[Data listing]
>>>

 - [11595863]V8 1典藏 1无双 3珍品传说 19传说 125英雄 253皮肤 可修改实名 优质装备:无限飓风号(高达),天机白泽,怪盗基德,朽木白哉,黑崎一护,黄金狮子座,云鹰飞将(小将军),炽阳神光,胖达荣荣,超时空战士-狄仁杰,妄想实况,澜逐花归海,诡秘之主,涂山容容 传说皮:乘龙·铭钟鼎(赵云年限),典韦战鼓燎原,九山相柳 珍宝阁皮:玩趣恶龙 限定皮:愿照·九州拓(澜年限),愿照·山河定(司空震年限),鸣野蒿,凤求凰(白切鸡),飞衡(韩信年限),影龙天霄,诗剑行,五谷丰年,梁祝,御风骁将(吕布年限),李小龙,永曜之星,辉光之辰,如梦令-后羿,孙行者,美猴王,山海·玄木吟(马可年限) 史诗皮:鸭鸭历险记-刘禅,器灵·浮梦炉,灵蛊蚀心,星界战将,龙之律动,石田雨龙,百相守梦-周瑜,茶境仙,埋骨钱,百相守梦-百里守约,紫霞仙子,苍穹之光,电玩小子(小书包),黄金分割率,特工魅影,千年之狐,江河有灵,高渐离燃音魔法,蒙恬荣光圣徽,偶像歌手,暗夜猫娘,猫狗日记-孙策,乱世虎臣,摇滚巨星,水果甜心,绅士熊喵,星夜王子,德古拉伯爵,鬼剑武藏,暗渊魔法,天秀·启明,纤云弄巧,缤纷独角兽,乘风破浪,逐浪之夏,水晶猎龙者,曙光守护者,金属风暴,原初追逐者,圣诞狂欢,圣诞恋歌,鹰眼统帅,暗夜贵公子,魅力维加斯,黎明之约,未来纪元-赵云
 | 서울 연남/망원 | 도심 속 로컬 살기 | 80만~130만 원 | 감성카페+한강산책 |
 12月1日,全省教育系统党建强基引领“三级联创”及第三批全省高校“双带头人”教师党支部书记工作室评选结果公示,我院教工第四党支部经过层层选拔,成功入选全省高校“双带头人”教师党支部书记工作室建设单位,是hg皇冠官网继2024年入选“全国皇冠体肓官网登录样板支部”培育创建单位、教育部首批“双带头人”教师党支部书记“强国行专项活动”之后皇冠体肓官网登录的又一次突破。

<<<
>>>

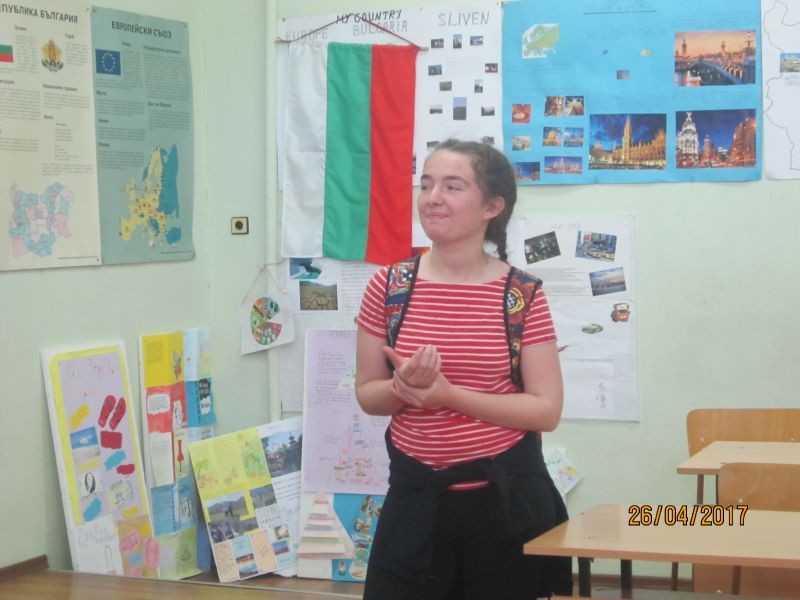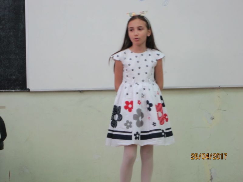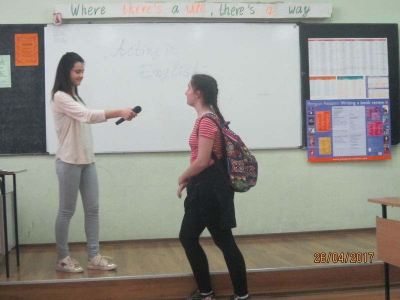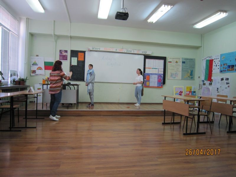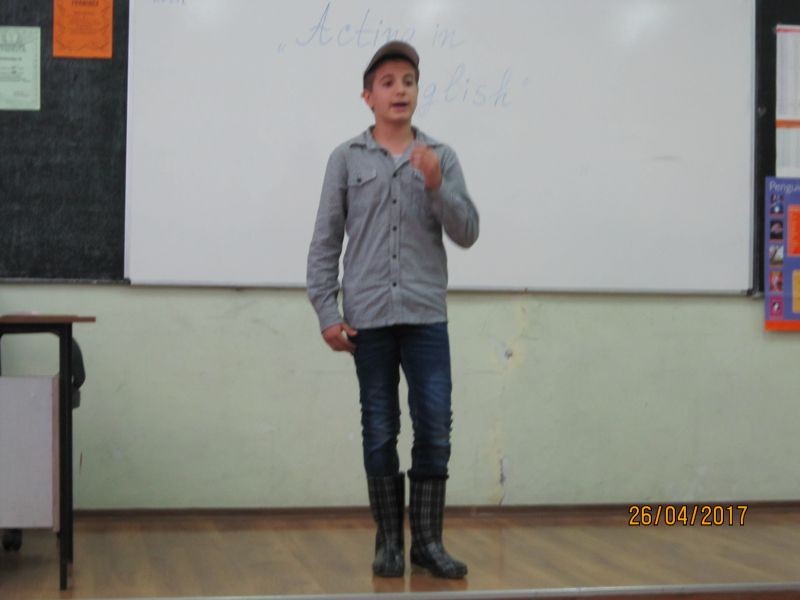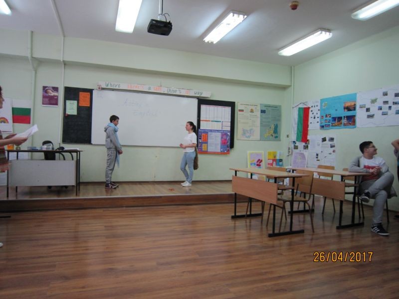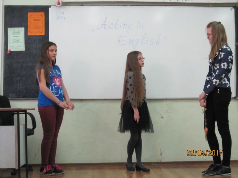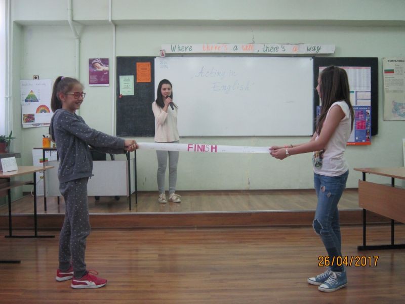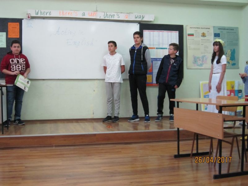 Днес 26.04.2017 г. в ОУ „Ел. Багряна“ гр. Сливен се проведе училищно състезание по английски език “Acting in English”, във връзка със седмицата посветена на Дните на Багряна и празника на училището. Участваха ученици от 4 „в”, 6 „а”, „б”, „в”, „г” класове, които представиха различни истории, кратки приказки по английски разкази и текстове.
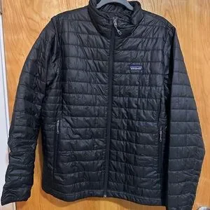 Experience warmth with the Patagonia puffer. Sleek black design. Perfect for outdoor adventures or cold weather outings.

<<<
>>>

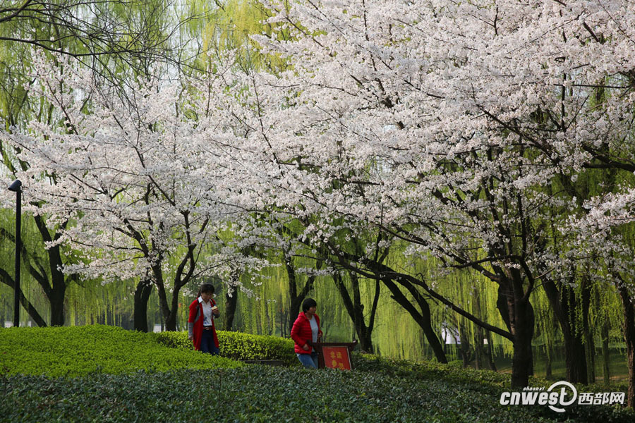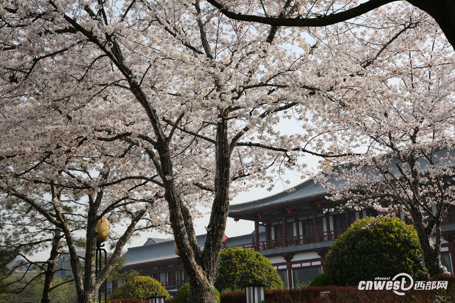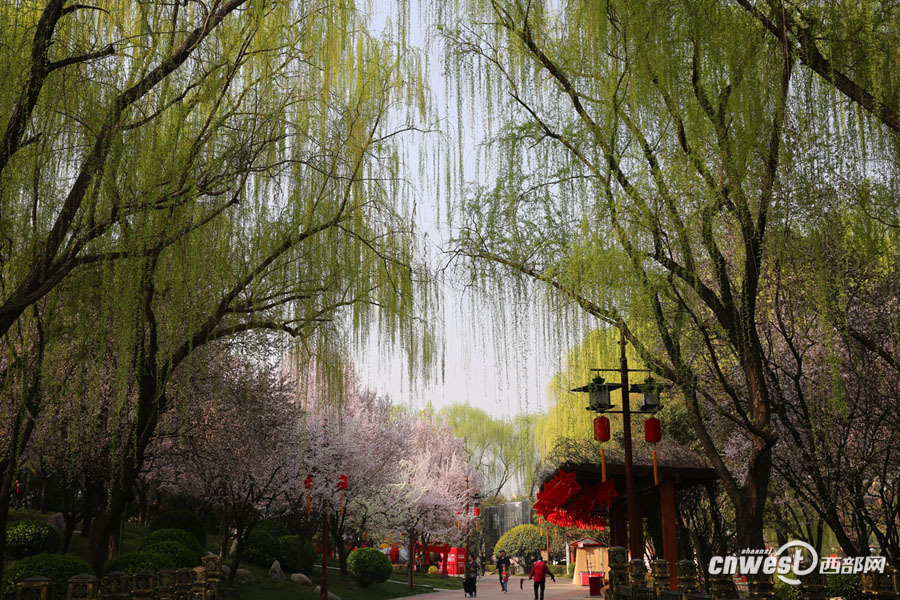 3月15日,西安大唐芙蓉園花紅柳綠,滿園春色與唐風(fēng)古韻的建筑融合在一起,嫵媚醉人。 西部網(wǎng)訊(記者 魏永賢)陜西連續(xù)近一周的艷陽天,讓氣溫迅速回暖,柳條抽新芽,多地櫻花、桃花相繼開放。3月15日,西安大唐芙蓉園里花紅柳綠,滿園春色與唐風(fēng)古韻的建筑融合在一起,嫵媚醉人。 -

<<<

[Your task] What is needed is a verbatim copy of every line in the records above from the one containing "- [11595863]V8 1典藏" down to the one containing "12月1日,全省教育系统党建", both included, and nothing more.

[Output of the exercise]
 - [11595863]V8 1典藏 1无双 3珍品传说 19传说 125英雄 253皮肤 可修改实名 优质装备:无限飓风号(高达),天机白泽,怪盗基德,朽木白哉,黑崎一护,黄金狮子座,云鹰飞将(小将军),炽阳神光,胖达荣荣,超时空战士-狄仁杰,妄想实况,澜逐花归海,诡秘之主,涂山容容 传说皮:乘龙·铭钟鼎(赵云年限),典韦战鼓燎原,九山相柳 珍宝阁皮:玩趣恶龙 限定皮:愿照·九州拓(澜年限),愿照·山河定(司空震年限),鸣野蒿,凤求凰(白切鸡),飞衡(韩信年限),影龙天霄,诗剑行,五谷丰年,梁祝,御风骁将(吕布年限),李小龙,永曜之星,辉光之辰,如梦令-后羿,孙行者,美猴王,山海·玄木吟(马可年限) 史诗皮:鸭鸭历险记-刘禅,器灵·浮梦炉,灵蛊蚀心,星界战将,龙之律动,石田雨龙,百相守梦-周瑜,茶境仙,埋骨钱,百相守梦-百里守约,紫霞仙子,苍穹之光,电玩小子(小书包),黄金分割率,特工魅影,千年之狐,江河有灵,高渐离燃音魔法,蒙恬荣光圣徽,偶像歌手,暗夜猫娘,猫狗日记-孙策,乱世虎臣,摇滚巨星,水果甜心,绅士熊喵,星夜王子,德古拉伯爵,鬼剑武藏,暗渊魔法,天秀·启明,纤云弄巧,缤纷独角兽,乘风破浪,逐浪之夏,水晶猎龙者,曙光守护者,金属风暴,原初追逐者,圣诞狂欢,圣诞恋歌,鹰眼统帅,暗夜贵公子,魅力维加斯,黎明之约,未来纪元-赵云
 | 서울 연남/망원 | 도심 속 로컬 살기 | 80만~130만 원 | 감성카페+한강산책 |
 12月1日,全省教育系统党建强基引领“三级联创”及第三批全省高校“双带头人”教师党支部书记工作室评选结果公示,我院教工第四党支部经过层层选拔,成功入选全省高校“双带头人”教师党支部书记工作室建设单位,是hg皇冠官网继2024年入选“全国皇冠体肓官网登录样板支部”培育创建单位、教育部首批“双带头人”教师党支部书记“强国行专项活动”之后皇冠体肓官网登录的又一次突破。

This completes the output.